Description of the task:
Give back an exact copy of the entries beneath, minus the pictures.

Excerpted data:

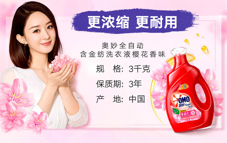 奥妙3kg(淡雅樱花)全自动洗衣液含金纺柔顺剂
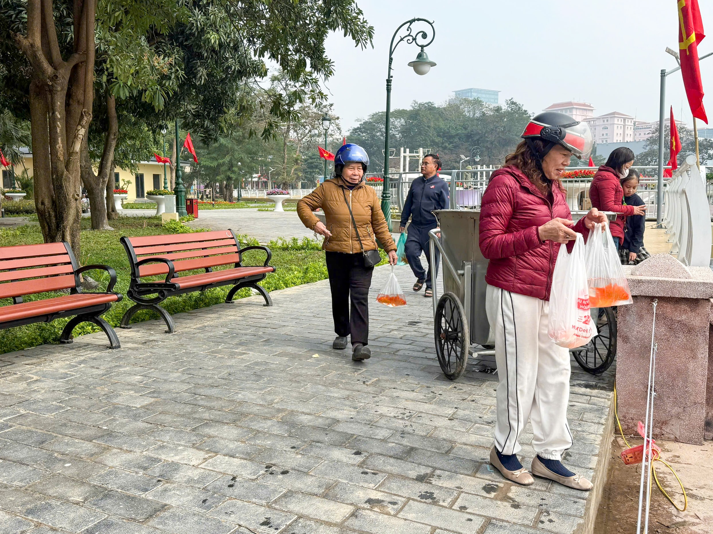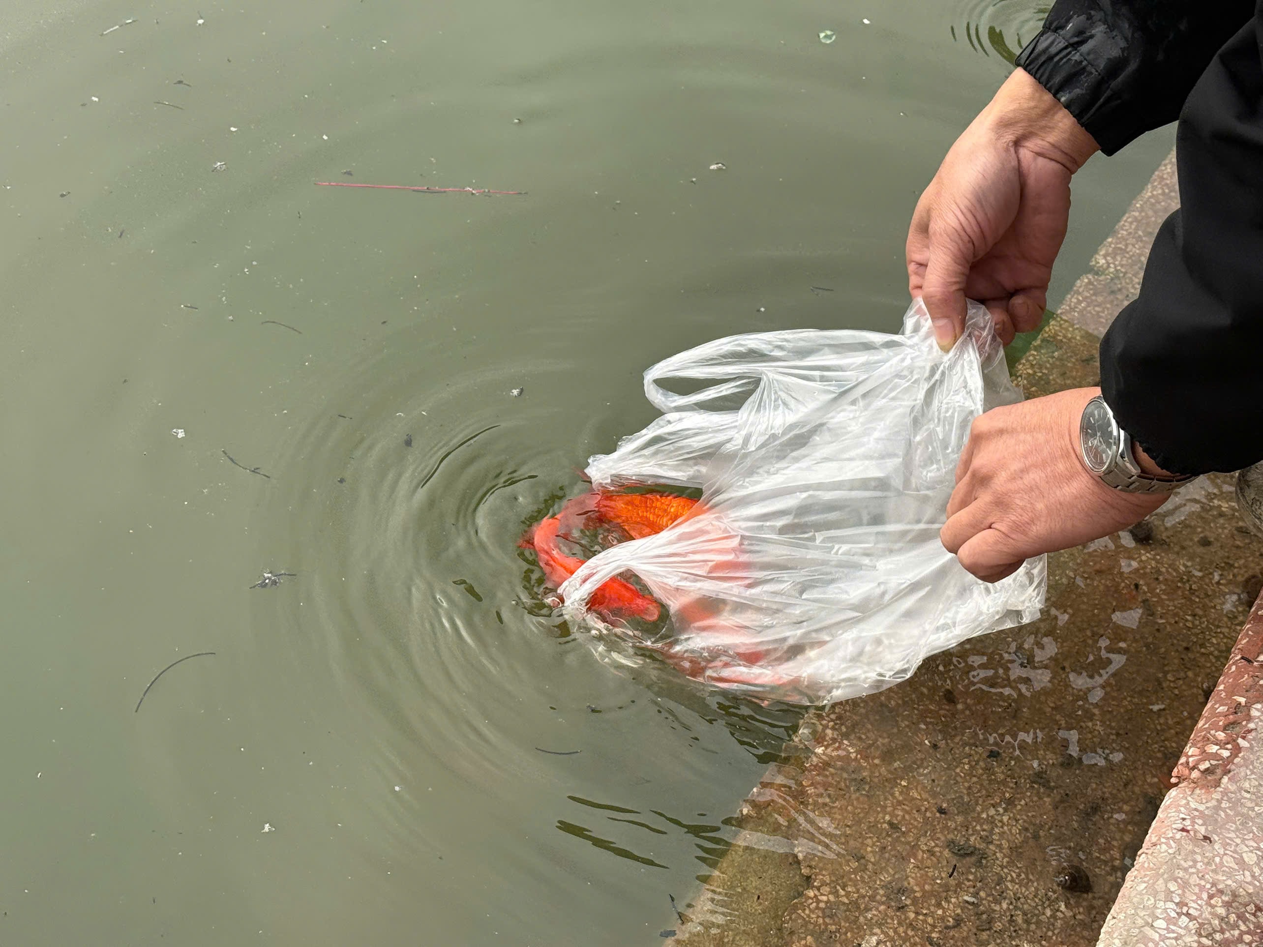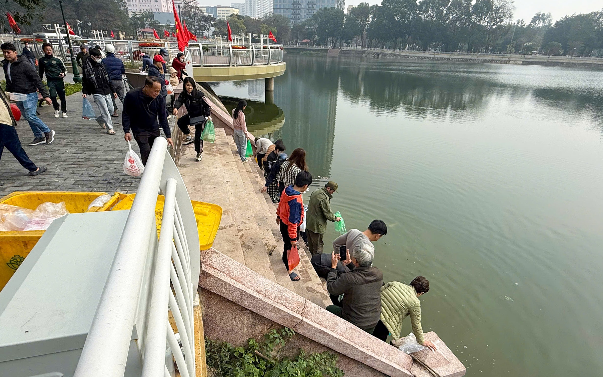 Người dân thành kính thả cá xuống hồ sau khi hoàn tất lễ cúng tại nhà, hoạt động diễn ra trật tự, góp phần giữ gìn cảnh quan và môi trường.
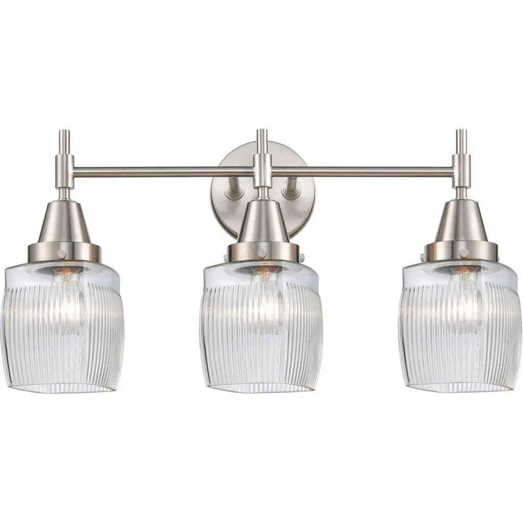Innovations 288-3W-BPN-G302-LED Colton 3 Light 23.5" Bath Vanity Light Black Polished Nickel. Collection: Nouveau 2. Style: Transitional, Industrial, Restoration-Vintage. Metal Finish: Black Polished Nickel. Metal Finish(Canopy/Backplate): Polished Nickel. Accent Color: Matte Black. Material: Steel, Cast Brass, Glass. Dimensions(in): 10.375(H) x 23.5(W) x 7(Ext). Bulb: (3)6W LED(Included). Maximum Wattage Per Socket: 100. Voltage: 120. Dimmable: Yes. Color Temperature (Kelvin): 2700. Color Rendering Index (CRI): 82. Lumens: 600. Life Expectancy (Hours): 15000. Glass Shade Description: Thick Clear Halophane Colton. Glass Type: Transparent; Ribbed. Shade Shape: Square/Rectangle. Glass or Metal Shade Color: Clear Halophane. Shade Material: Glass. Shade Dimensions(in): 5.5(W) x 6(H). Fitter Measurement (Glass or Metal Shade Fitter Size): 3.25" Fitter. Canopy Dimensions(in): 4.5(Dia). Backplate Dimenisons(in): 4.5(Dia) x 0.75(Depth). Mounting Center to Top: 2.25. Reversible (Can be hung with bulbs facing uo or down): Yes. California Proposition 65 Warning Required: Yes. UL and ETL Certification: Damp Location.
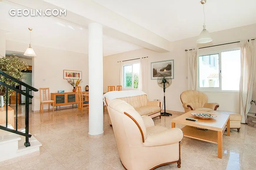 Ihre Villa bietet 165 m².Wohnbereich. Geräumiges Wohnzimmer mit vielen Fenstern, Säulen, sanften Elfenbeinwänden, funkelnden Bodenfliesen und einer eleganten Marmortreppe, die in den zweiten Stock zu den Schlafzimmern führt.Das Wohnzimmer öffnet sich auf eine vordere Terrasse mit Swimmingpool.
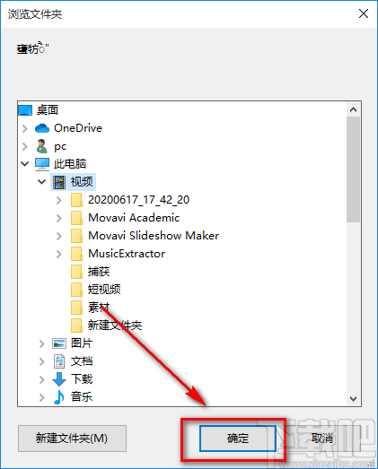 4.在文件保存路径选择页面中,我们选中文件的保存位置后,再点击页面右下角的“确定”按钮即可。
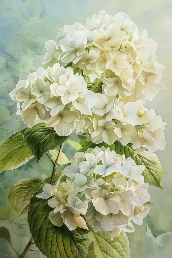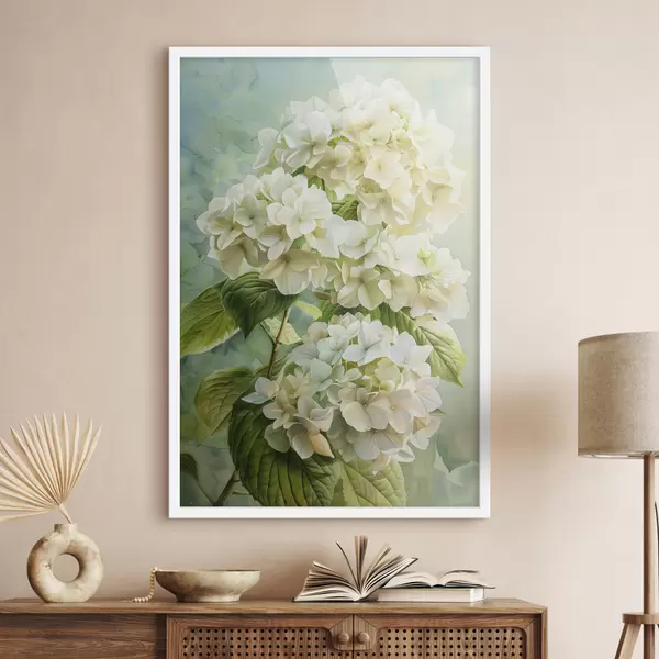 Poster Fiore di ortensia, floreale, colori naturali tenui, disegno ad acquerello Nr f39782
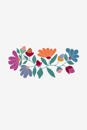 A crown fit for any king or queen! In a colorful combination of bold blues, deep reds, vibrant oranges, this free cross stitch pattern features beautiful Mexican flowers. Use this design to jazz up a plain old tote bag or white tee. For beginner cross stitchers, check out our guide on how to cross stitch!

Solution to the problem:
 奥妙3kg(淡雅樱花)全自动洗衣液含金纺柔顺剂
 Người dân thành kính thả cá xuống hồ sau khi hoàn tất lễ cúng tại nhà, hoạt động diễn ra trật tự, góp phần giữ gìn cảnh quan và môi trường.
Innovations 288-3W-BPN-G302-LED Colton 3 Light 23.5" Bath Vanity Light Black Polished Nickel. Collection: Nouveau 2. Style: Transitional, Industrial, Restoration-Vintage. Metal Finish: Black Polished Nickel. Metal Finish(Canopy/Backplate): Polished Nickel. Accent Color: Matte Black. Material: Steel, Cast Brass, Glass. Dimensions(in): 10.375(H) x 23.5(W) x 7(Ext). Bulb: (3)6W LED(Included). Maximum Wattage Per Socket: 100. Voltage: 120. Dimmable: Yes. Color Temperature (Kelvin): 2700. Color Rendering Index (CRI): 82. Lumens: 600. Life Expectancy (Hours): 15000. Glass Shade Description: Thick Clear Halophane Colton. Glass Type: Transparent; Ribbed. Shade Shape: Square/Rectangle. Glass or Metal Shade Color: Clear Halophane. Shade Material: Glass. Shade Dimensions(in): 5.5(W) x 6(H). Fitter Measurement (Glass or Metal Shade Fitter Size): 3.25" Fitter. Canopy Dimensions(in): 4.5(Dia). Backplate Dimenisons(in): 4.5(Dia) x 0.75(Depth). Mounting Center to Top: 2.25. Reversible (Can be hung with bulbs facing uo or down): Yes. California Proposition 65 Warning Required: Yes. UL and ETL Certification: Damp Location.
 Ihre Villa bietet 165 m².Wohnbereich. Geräumiges Wohnzimmer mit vielen Fenstern, Säulen, sanften Elfenbeinwänden, funkelnden Bodenfliesen und einer eleganten Marmortreppe, die in den zweiten Stock zu den Schlafzimmern führt.Das Wohnzimmer öffnet sich auf eine vordere Terrasse mit Swimmingpool.
 4.在文件保存路径选择页面中,我们选中文件的保存位置后,再点击页面右下角的“确定”按钮即可。
 Poster Fiore di ortensia, floreale, colori naturali tenui, disegno ad acquerello Nr f39782
 A crown fit for any king or queen! In a colorful combination of bold blues, deep reds, vibrant oranges, this free cross stitch pattern features beautiful Mexican flowers. Use this design to jazz up a plain old tote bag or white tee. For beginner cross stitchers, check out our guide on how to cross stitch!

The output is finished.